The Kopila Valley Girls’ Club and Some Panicking

Thursday, August 20, 2015

By Thea Dekker

I was told to write a blog. And I panicked. This comes from the ages-long tradition of me panicking when Maggie asks me to do things. I'll back up to the first time Maggie asked me to do something and I panicked.

Thea and Ravi The month was December. Baby Ravi travelled to the United States for the first time. I met him and I agreed with the consensus that he was, in fact... cute. So cute that I agreed to babysit him (this was my first mistake – that baby is addicting. Once you say yes, you can't stop saying yes. I'm a Raviholic, what can I say?). Anyway, I agreed to babysit him. And everything was going okay. He was being cute and I was being, you know, me. But then disaster struck. He pooped and... (wait for it)… I was expected to change it. This was the first time I panicked. Needless to say, changing the diaper didn’t go great and the diaper ended up going on backwards. I can now say that I have mastered changing Ravi's diaper (kind of).

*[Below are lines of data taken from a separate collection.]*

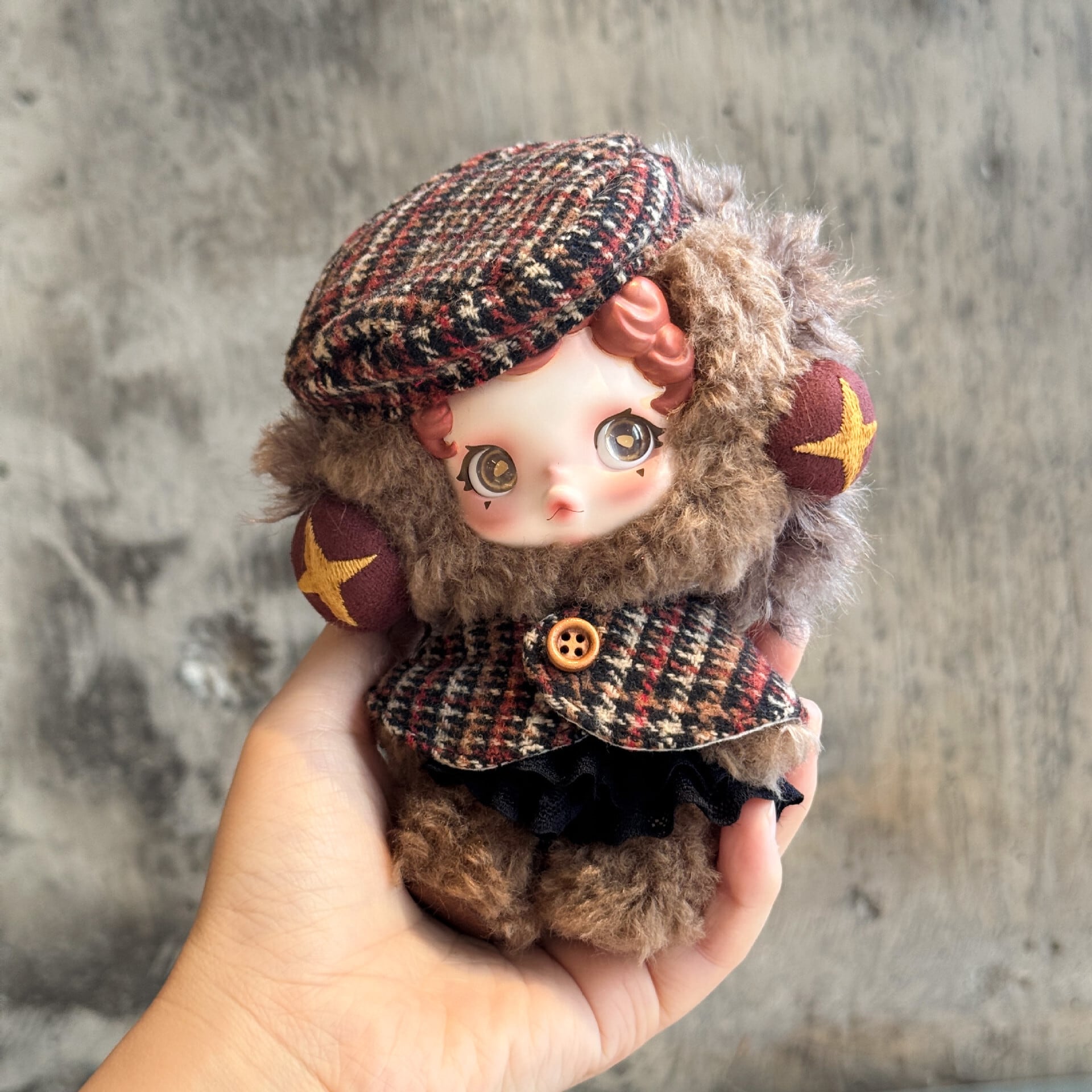 Skullpanda用 おしゃれ レトロ チェック柄 マント ケープ+ベレー帽 スカルパンダ ぬいぐるみ 服 着せ替え 2点セット
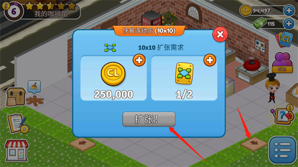 4、当你觉得餐厅空间不足时,点击箭头进行扩建,但需要先满足扩建条件。
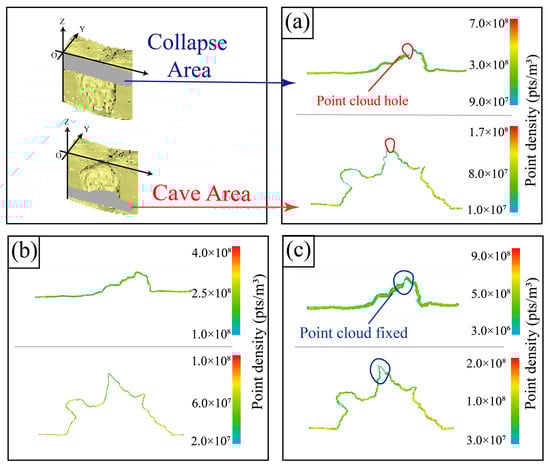 Our study found that the accuracy of most of the fused data was generally higher than that of the single-source data (Table 1). This is because the blocking of vegetation or terrain as well as the light factor will affect the accuracy of single data source, especially for the complex terrain areas [53,54]. This will inevitably produce holes or sparse point cloud areas (Figure 16), thereby affecting the quantization accuracy of the different algorithms. The fused point cloud data can compensate to some extent for the sparse or empty areas in the single-source point cloud data [55]. Moreover, the increase in point cloud density resulting from data fusion is also an important factor affecting the calculation accuracy of gravity erosion. Some other studies also found that the fused data of LiDAR and photogrammetry performed much better in gravity erosion quantization than single-source data based on the field survey results [55,56]. This is consistent with our findings. In addition, the discrepancy in quantization accuracy of gravity erosion was detected between the four algorithms for different terrain units of the gully slope (i.e., collapse areas and caves areas). The DoD algorithm plus TLS was subject to the lowest mean relative errors (13.48%) in the collapse area. In contrast, the quantification accuracy of the M3C2 algorithm in the alcove area was higher than that of DoD, which is inconsistent with the accuracy results of the collapse area. Compared with alcove areas (characterized by terrain mutation areas and complex terrain areas such as both sides of the collapse area), the terrain of the collapse area is relatively simple. Previous researchers showed that the DoD algorithm worked poorly in complex terrain because the problem of elevation overlap cannot be completely avoided [57,58,59], whereas the M3C2 algorithm effectively avoids the repetitive projection issue of the DoD algorithm [60]. Hence, the accuracy of this algorithm is slightly higher than that of the DoD in the alcove area.

The second time I panicked was a few weeks later. I asked Maggie if there was something I could do to help BlinkNow.  She came up with something instantly. She told me about a group of girls who really needed some help (some help from me?!).  She suggested that I start a club that would raise the girls' self-esteem. 

I knew about the problems facing women in Nepal. I knew about the lack of opportunity they faced. I comprehended the fact that they were oppressed, living in a patriarchal society. I knew about how rape often goes unreported and unpunished, I understood how at-risk they were for trafficking and child marriage. I knew that the girls I would be working with would have known poverty I couldn’t even imagine.  So naturally I had to say "of course" – not. I mean was she kidding? How was I supposed to raise the self-esteem of eight girls when... no I wasn’t going to... I mean... I couldn’t...right? Needless to say, this was me panicking. "No, I'm sorry Maggie, I don’t think I'm up for this challenge," I said.

I went home and I thought and I thought... have I made the wrong decision? Had I said "no" too soon? No, of course not! I don’t have a degree in anything and I haven't even graduated high school. I couldn’t. And then I thought about Maggie and all the times that I have seen her speak. And how she always said that we have the power to create the world we want to see every day. So I said, "Okay, I'll do it". So began my journey. I researched activities, babysat to earn money and bought journals, books and bras as supplies.

Thea and the club

Flash forward six months and I'm off to Nepal for the first time. The first meeting was held in the counseling center. I remember being scared and then saying, "Okay Thea, let’s do this." We started with a name. The girls decided to call the club the “Kopila Valley Girls' Club.” I shared with them a motto by Rita Pearson that I like that went like this:

"I am somebody.
I was somebody when I came.
I will be a better somebody when I leave.
I am powerful."

 

We said this motto at the beginning and ending of every meeting. I gave the girls journals so that they could write down their thoughts and feelings.  Feelings that they felt like they couldn’t share. I can't say what exactly happened in those meetings. I hope you don’t mind. I want our conversations to stay between the girls and me. Talking to the girls, I realized how lucky I was to have met each and every one of them.  They are some of the strongest girls I have ever met. They have endured so much and the fact that they get up every day and go to school is more inspiring than anything I said to them.  I hope that if they learned anything, they learned how amazing they are.

I learned that many of the girls at Kopila didn’t have a place to shower. They were forced to bathe in a river using buckets. I also learned that there was a shower at the school that wasn’t being used. I bought shampoo, soap, and deodorant. Privacy was an issue so the school would have to open early to accommodate the girls.  I'm proud to say that the school now opens early two days a week so that the girls can shower and the Girl's Club meets on Friday afternoons.

Sadly, after only two weeks of being with the girls, I had to leave. I think that I left a little part of my heart at Kopila.  Every time I have a spare moment, I find that my mind wanders to Nepal and the Kopila Valley Girls' Club. I think that if I returned half of the impact to the girls that they made on me, then I will have accomplished my goal. I know I am supposed to be writing about how I changed their lives and maybe I did – just a little bit.  But really, the girls changed me. I don’t know if what I'm saying conveys the impact that the girls' group had on me. But I know one thing for sure: I will never be the same person that I was before I met my sweet, brave, powerful friends.